Die Reise der Kartoffel zurück nach Amerika
Man soll es nicht für möglich halten: die Kartoffel hat auf ihrer Reise einen großen Umweg über Europa genommen, um nach Nordamerika zu gelangen. Ein schottisch-irischer Geistlicher (James MacGregor), der einige Auswandererfamilien von Nordirland nach Nordamerika begleitete, hatte Saatkartoffeln im Gepäck. So erreichte die Kartoffel erst 1719 Nordamerika.

Der Name Kartoffel
Vermutungen zur Namensgebung: Die Konquistadoren fanden die Knollen bei ihren Beutezügen in den Hütten der Einheimischen. Sie diente ihnen als ein schmackhaftes Gericht und sie nannten sie patata (im Spanischen immer noch patatas oder kurz papas), woraus viele Jahre später im angelsächsischen Sprachgebrauch der Name potato wurde.
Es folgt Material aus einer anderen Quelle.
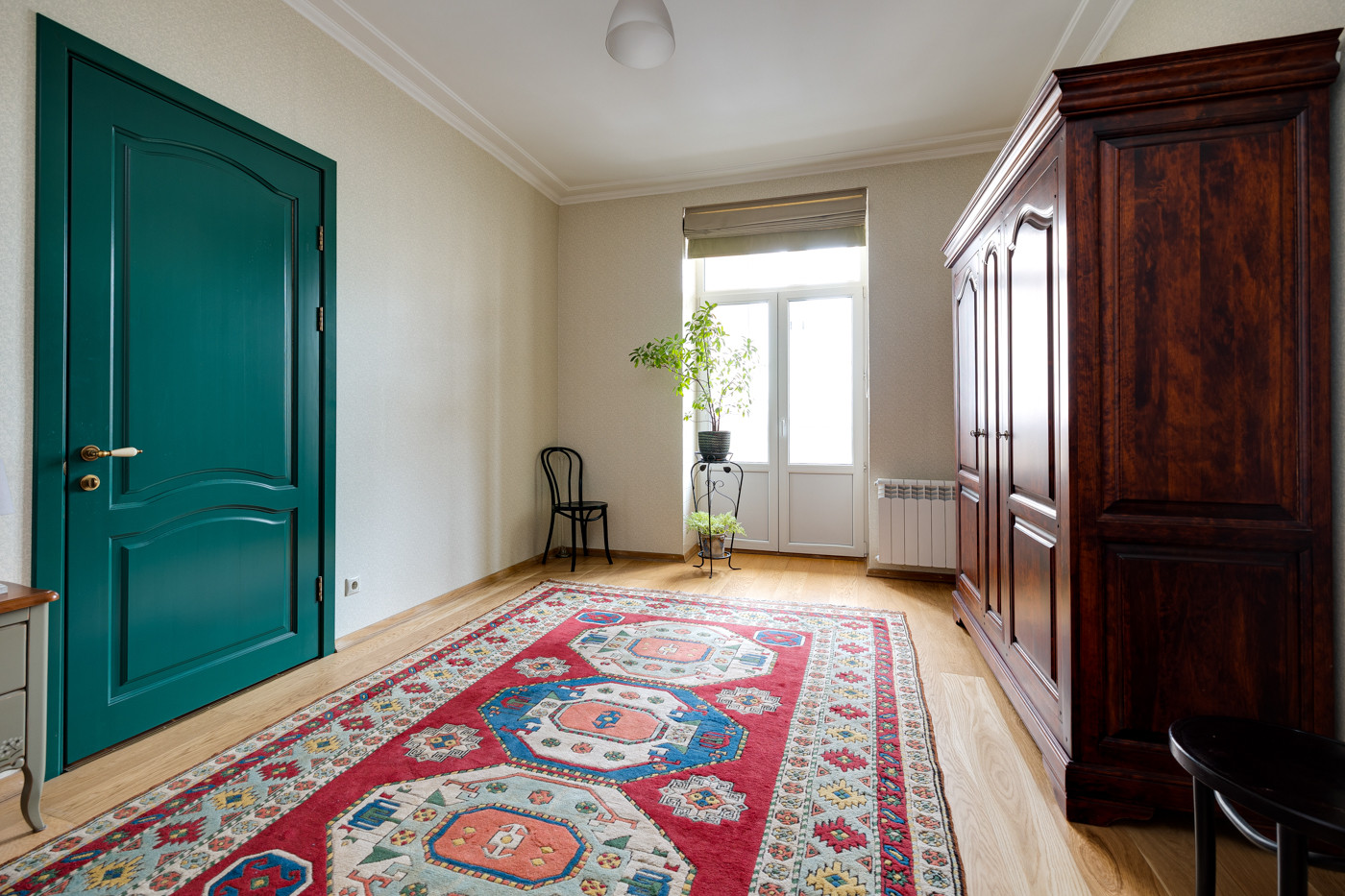 Сталинский дом. Железобетонные перекрытия. Высота потолка 3 метра. Окна во двор.  Нестандартная, но очень комфортная для проживания планировка, кухня 11,3 кв.м. с установленным кухонным гарнитуром,  светлая и просторная комната 17,7 кв. с выходом на застеленный балкон, большой совмещенный санузел, оборудованная кладовая комната, много мест хранения. Квартира очень тёплая и уютная, расположена в середине дома.

In Italien soll die Kartoffel den Namen tartufoli (Trüffel) getragen haben. Im Deutschen erfolgte eine sprachliche Umwandlung von Tartuffeln bis Kartoffel. Namensautor für die lateinische Bezeichnung war der Botaniker Caspar Bauhin-Solanum tuberosum esculentum-= essbarer knolliger Nachtschatten. Den Namen vergab er in der Zeit, als er in Basel an der Universität lehrte (1589 bis 1619). Nach der Linné’schen Nomenklatur heißt sie jetzt S. tuberosum L..

Die Kartoffel und ihre Verwendung – nicht nur auf dem Speisezettel 
Die Vielseitigkeit der Kartoffel ist erstaunlich. Nachdem sie sich durch Selektion und Züchtung soweit verändert hatte, dass sie sich an die Kurztag-Photoperiode adaptiert hat und die Energie statt in Stolonen in die Ausbildung von Knollen steckte, wurde sie europaweit zu einem Hauptnahrungsmittel. Ob als Kartoffelbrei, Salzkartoffeln, Kartoffelknödel, Bratkartoffeln oder als Rösti (später auch als Pommes frites), verarbeitet in Suppen und Salaten, als Chips, Kroketten, Kartoffelgratin, eignet sie sich auch für das Brennen (Kartoffelschnaps). Auch gibt es in Südamerika eine Variante des Bieres, das Chicha, das aus der Kartoffel hergestellt wird. Eine Einteilung der Speisekartoffeln erfolgt nach Kochtypen (festkochend, vorwiegend festkochend, mehlig kochend). Die Kartoffel hat nicht nur als Nahrungsmittel für Mensch und Tier einen hohen Stellenwert eingenommen, auch für die Produktion von Stärke und Alkohol kann man auf sie nicht mehr verzichten.